As with any transfer function, chironomid-inferred temperatures contain some statistical uncertainty (14, 34). Although absolute temperature values have a statistical uncertainty of 2.2 °C, reconstructed trends in past temperature at this site are likely robust because the amplitude of these trends exceeds the statistical uncertainty of the model; furthermore, these trends are supported by many other proxies from the region (36).
So they also compared to other proxies. I find it odd though that Yarrow says this in the CU-Boulder press release here, emphasis mine:
But the cold-adapted midge species abruptly began declining in about 1950, matching their lowest abundances of the last 200,000 years. Two of the midge species adapted to the coldest temperatures have completely disappeared from the lake region, said Axford.
This seems to point to a sample problem for recent layers such as Clegg et al lament. I wonder what chironomid data Clegg et al had from 1972 forward and why they deemed it insufficient.
Apparently though, the lack of certain species wasn’t a problem for Yarrow et al, and they used that to bolster the claim that human caused warming was reflected by that species loss. I pointed to the fact that in Alaska and Canada, post World War II DDT use for mosquito control was the norm, so perhaps the lack of modern midges was a consequence of that DDT use in both cases. It is an uncertainty.
I’m reminded though of the Mann-Briffa Yamal tree ring debacle, where if that data didn’t fit near the present, you throw it out post 1960 and splice on the instrumental temperature record. Yarrow’s insistence that the cold species midge disappearance implies human caused warming is on par with the leap of “Mikes’ Nature trick”. Both ignore other potential influences.
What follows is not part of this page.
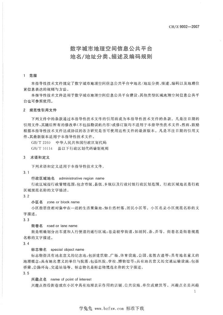 CH/Z 9002-2007 数字城市地理空间信息公共平台地名地址分类、描述及编码规则

While some commenters complain about the lack of Clegg et al data since 1972, the same posters IIRC did not complain about the proxy data truncation at 1960 and substitution of post 1960 instrumental data in Mann-Briffa’s studies.
While the lack of a useful sample post 1972 may simply be the lake biology, I think I’ll ask Clegg why they decided the post 1972 sample was insufficient and why Yarrow et al 2009 wasn’t referenced in the context of the modern midge data sample, and if they reply, and post a follow up note here.
I’ll close by pointing out Clegg et al’s closing sentence:
Analysis of midge assemblages in lake-sediment cores from other sites is necessary to verify our results from Moose Lake and assess the potential linkages of summer temperature variation to fluctuating solar output.
Replication is the basis of science, it is good to see them calling for that.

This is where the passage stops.